More recently, we opened a technology based language learning lab. This facility based on those found in many universities uses collaborative software that allows language teachers to listen to students through headphones and speak directly to each individual to assist in pronunciation and guide individualized instruction. Although the lab is used primarily for Hebrew Language instruction other languages and even the teaching of prayer “tropes” (melodies) will soon be taught in this facility. Again our goal is to increase optimize the use of student time wherever we can. Direct and immediate feedback in language instruction is of great value to learning.

To provide a generalized improvement in instructional efficiency all 45 classroom SMART Boards^® are connected to a common Web service. This makes everything that is displayed to any class able to be captured and saved for future viewing over our internal Web site.

All of our classrooms are technologically identical. Students and teachers can move freely from one classroom to another and make use of the common technology without any additional training. And in the immortal words of Marlene Pratto[3] (a technologist ahead of her time), “everything is everywhere”. No matter where a student may be, weather in their on campus residence or in their bedroom, a thousand miles away, the classroom’s virtual-presence is available to them over the Internet. 

Teacher/Student Training

Perhaps the greatest key to our success with our technology implementation is our strict adherence to the use of industry standard hardware and software. Most of our students and teachers come the Academy with at least basic knowledge of how to use a Windows computer.

By implementing almost our entire software environment using Microsoft products we create a relatively uniform computing environment that is the most widely used in the world.

Another key element that makes learning our environment easier is the use of a single image on all of our student, faculty, and classroom computers. This means that every computer used has exactly the same software on it and exactly the same file arrangement. Learn to use one of our computers and you know how to use all of them.

Yes, “special orders” do upset us. However nice other computer environments may be, we will not support them. We do this, in part, by providing all computers to our students and faculty. Agreeably there may be “better” software or features on this or that Macintosh or Unix computer. We are willing to sacrifice the gains offered for the greater simplicity of our environment.

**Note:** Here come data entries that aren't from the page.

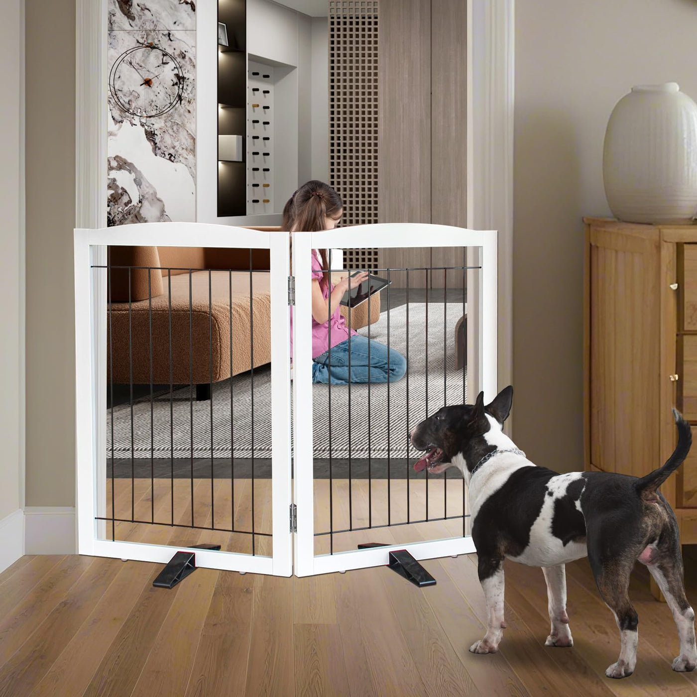 This is a very useful dog gate, it can limit the family pet in a certain place, do not let it run, foldable dog gate can be well blocked in the doorway, corridor and stairs, you can put different shapes according to your needs, pet gate indoor does not need to be installed, easy to expand can be used, folding, convenient storage, you can put it anywhere in the home, Saving space, dog gate for house is fitted with rubber pads at the bottom, so you don't have to worry about scratching the floor. Simple and stylish design with a white exterior that perfectly matches your home decor. FEATURES: 1?Constructed from wood and strong wire 2?Expanded to accommodate almost any width 3?Arrives fully assembled 4?Folding, free-standing design 5?Suitable for dogs of all sizes and breeds 6?Fold down quickly for easy storage. 7?Sturdy, non-slip rubber feet that keep your floors safe from scratches 8?Stylish and elegant look great with any array of decorating styles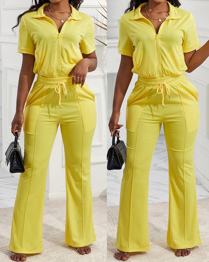 Style:Casual Type:Pants Sets Material:Polyester Neckline:Turn-down Collar Sleeve Style:Short Sleeve Length:Long Pattern Type:Plain Decoration:Drawstring,Pocket,Zipper Fit Type:Regular Occasion:Daily Package Include:1*Pants Set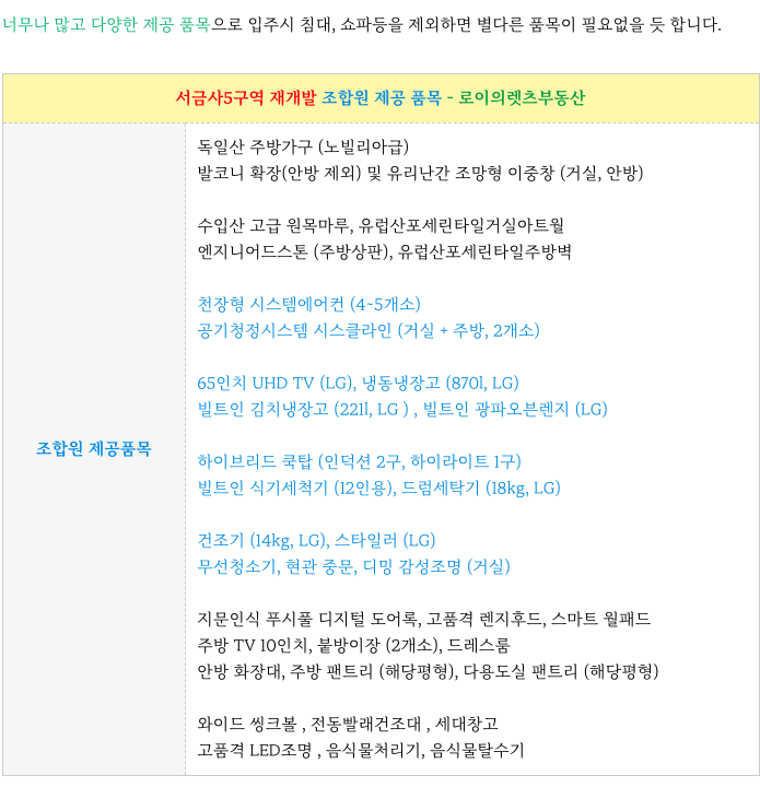 서금사5구역 재개발 조합원 제공 품목입니다.

Because we have a one-to-one computer-to-user model of computing, everyone has access to the computing equipment they need to use all of the time. Teachers have their own classrooms and therefore access to the equipment when they want to learn to use it or when they want to try out new things. Students are very good at helping each other and teachers with technology and this is a cultural value here at the Academy.

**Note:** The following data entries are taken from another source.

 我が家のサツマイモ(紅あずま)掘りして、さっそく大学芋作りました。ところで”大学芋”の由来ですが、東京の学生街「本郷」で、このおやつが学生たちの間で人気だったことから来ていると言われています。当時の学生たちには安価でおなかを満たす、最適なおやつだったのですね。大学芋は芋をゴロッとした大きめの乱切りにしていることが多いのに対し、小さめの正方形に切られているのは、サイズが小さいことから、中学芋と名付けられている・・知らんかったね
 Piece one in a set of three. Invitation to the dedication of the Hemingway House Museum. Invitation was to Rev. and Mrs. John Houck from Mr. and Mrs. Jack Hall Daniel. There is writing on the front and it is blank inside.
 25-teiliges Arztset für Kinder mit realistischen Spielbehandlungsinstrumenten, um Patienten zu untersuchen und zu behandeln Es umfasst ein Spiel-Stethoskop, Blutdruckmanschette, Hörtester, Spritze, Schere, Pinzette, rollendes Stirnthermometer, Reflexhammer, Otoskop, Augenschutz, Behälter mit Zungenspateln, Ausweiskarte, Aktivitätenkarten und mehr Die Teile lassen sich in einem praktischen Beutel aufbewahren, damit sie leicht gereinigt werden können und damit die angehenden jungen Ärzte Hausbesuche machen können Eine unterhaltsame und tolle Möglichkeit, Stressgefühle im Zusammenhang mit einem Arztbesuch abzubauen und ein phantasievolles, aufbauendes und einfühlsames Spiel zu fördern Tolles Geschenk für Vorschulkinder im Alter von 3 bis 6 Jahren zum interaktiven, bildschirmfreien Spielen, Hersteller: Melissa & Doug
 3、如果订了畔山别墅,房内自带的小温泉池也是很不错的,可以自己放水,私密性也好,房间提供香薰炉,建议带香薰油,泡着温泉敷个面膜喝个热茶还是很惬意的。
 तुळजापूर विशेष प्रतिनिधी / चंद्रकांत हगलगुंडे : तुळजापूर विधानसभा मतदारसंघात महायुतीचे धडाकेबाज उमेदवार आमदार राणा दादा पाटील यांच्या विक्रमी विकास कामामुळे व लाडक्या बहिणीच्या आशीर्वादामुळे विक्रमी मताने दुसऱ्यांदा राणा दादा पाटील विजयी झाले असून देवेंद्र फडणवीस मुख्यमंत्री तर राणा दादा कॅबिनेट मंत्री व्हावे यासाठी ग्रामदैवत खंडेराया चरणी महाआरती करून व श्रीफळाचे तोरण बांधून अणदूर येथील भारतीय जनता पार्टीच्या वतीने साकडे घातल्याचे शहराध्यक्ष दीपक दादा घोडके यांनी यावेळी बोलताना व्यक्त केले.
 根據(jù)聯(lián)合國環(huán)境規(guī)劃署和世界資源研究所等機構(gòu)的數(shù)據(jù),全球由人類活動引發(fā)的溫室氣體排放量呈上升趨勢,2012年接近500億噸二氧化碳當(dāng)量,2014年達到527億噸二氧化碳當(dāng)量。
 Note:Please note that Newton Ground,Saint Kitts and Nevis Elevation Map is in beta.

And perhaps the most important aspect of our training capability is our IT staff. We have only four people doing all of our technology support (Academic and Administrative) but we have a very strict triage rule: “Students First.” If a class is in session and the teacher needs assistance staff is immediately dispatched there. If a student computer has a problem we have sufficient spares that they can be up and running again with their files within 15 minutes.

Instruction and student support do not take a back seat to other demands on IT.

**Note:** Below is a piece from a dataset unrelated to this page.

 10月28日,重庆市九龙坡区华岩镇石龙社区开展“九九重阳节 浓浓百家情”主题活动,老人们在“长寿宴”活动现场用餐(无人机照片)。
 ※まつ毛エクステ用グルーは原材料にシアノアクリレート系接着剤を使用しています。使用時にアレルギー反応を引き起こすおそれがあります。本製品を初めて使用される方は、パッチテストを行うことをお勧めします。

On entry to the Academy all students are required to take a one-term in which the fundamentals of network computing AHA-style are taught and the fundamentals of our various software tools (MS Office, Hebrew/English language computing, and so on). After that, students learn from teachers the specific software they might use in labs. Remember all of the software is already installed, removing a major obstacle to faculty members.

Faculty members just joining our community are offered a one-day workshop on how to use our grade book software and the fundamentals of the classroom computer environment and our network computing. After that our IT staff offer short workshops and make themselves widely available for “just-in-time” training. We don’t waste a lot of time teaching every faculty member things they won’t need to use. IT staff consult continuously with faculty members on their needs and provide training where and when it is needed. This sounds very intrusive, but our culture of support makes it a way of life. We find that faculty members retain the knowledge gained in these one-on-one tutorials longer as it is information that lets them do what they need at that moment. The material isn’t abstract it is timely.

Finally, we don’t specifically measure how much faculty members use technology. Part of our faculty evaluation process may look at the use of technology in the context of effective pedagogy, but there is no central directive from the senior administration in this regard.

The result is, over time, a faculty that has become relatively self-sufficient in the use of technology and who embrace it.

For Our Technical Readers

We were able to accomplish the creation of our fully integrated network and classroom environment because we had the rare luxury of being able to design it before we built it. We stared with a “green-field” and were able to design and build new conduit systems for our fiber optics, new classrooms with furnishings designed to facilitate easy use of technology, and with a solid idea of what we wanted to implement.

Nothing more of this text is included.